A real-time number chart is essentially a ticker that will give you an immediate overview of a particular KPI . At a glance, you can see any total such as sales, percentage of evolution, number of visitors, etc. This is probably the easiest visualization type to build with the only consideration being the period you want to track. Do you want to show an entire history or simply the latest quarter? It is crucial to label the period clearly so your audience understands what story you are telling. Adding a trend indicator compares your number to the previous period (or to a fixed goal, depending on what you are tracking).

Other considerations

Number charts are often the first thing people see and are the quickest to read, so if there are too many, your narrative can get diluted. Using too many can also make your dashboard a little superficial. If you want more in-depth information, limit the number of number graphs and leave room for other types of data visualization that drill down a little deeper.

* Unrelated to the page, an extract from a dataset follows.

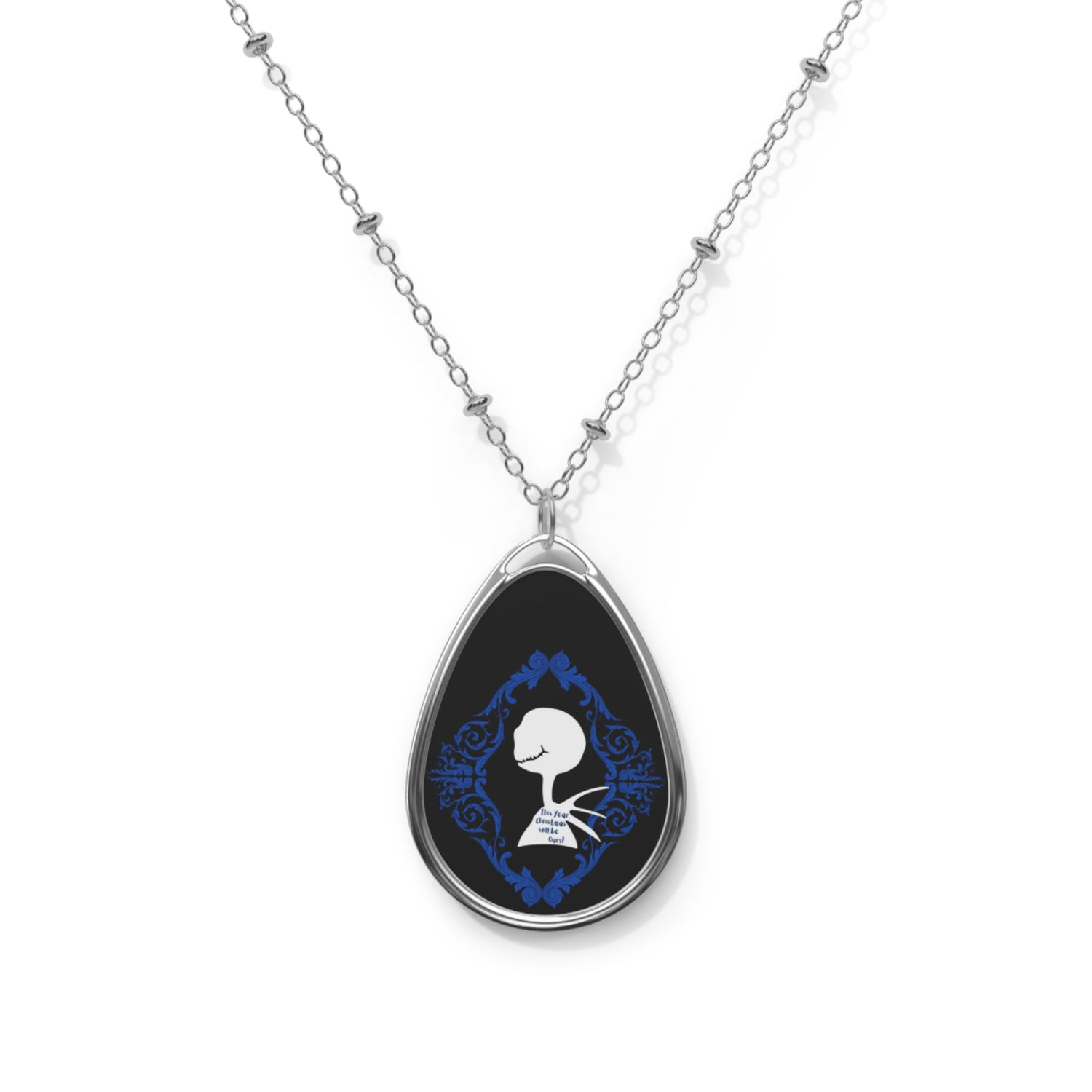 Gothic and Tim Burton inspired Oval Necklace featuring Skellington silhouette. This necklace is a great gift for fans of dark and quirky themes. Perfect for Halloween, Christmas, and any occasion where a touch of gothic charm is needed. Suitable for those who appreciate unique and unconventional jewelry.
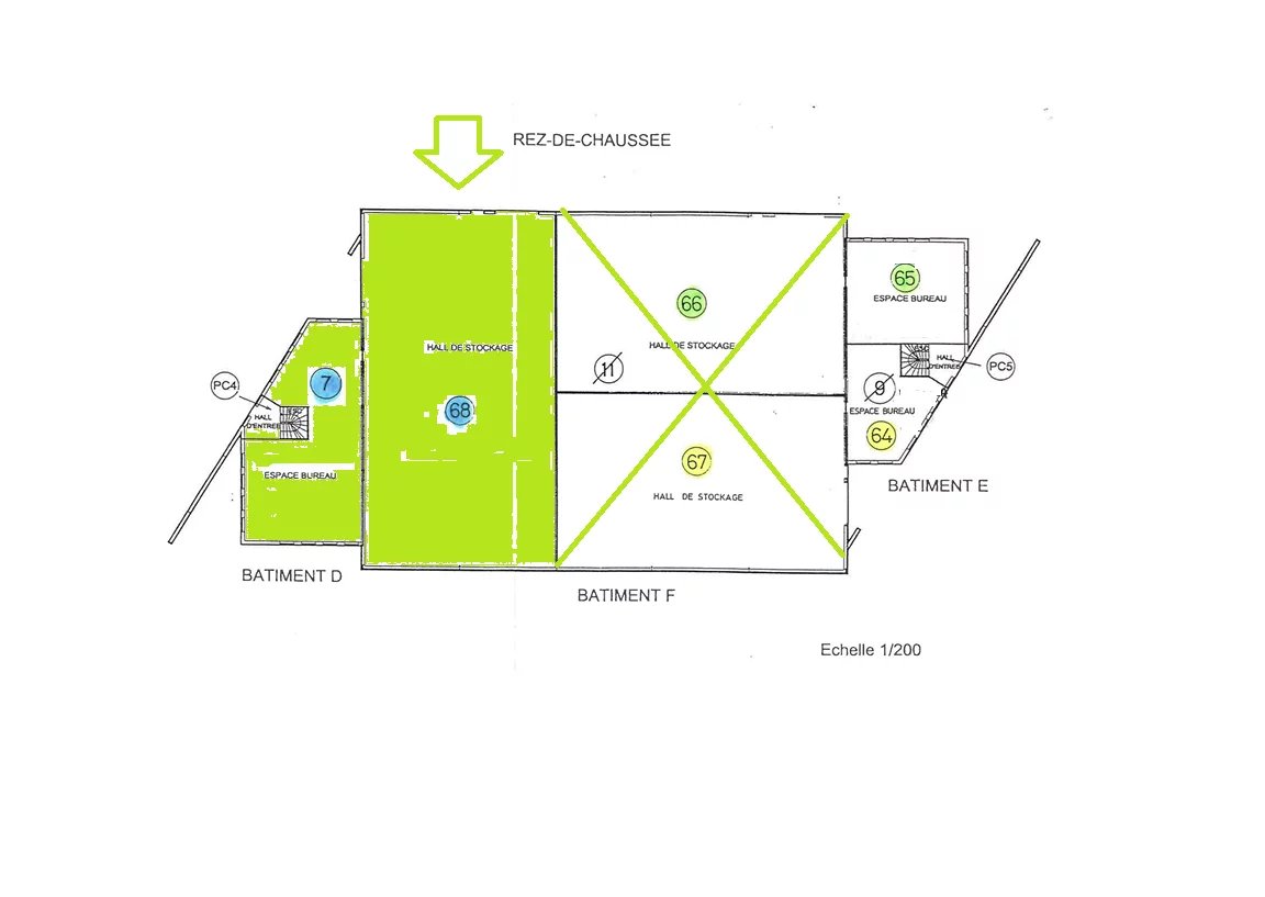 - 1 entrepôt de 480 m2 et mezzanine de 49 m2

When you add a trend indicator, we suggest you compare numbers from the same period. For example, if you are tracking total sales for the current quarter, compare that data to the same quarter last year (or last period – depending on your story). If you select a target manually (perhaps you have no accurate past data), be sure to set realistic goals to be able to get on top of your KPI management practice. Again, remember to label the trend indicator clearly so your audience knows exactly what they are looking at.

2) Line Chart

Sales graph in the form of line chart: amount of revenue by payment method

The purpose of a line chart is to show trends, accelerations (or decelerations), and volatility. They display relationships in how data changes over a period of time. In our example above, we are showing Revenue by Payment Method for all of 2019 . Right away, you can see that the credit card payments were the highest and that everything took a dip in September. The takeaways are quick to register yet have depth.

Too many lines (variables) can make your chart complicated and hard to decipher. You may also find your audience constantly referencing the legend to remind them which one they are looking at. If you have too many variables, it’s time to consider a second (or even third) chart to tell this story.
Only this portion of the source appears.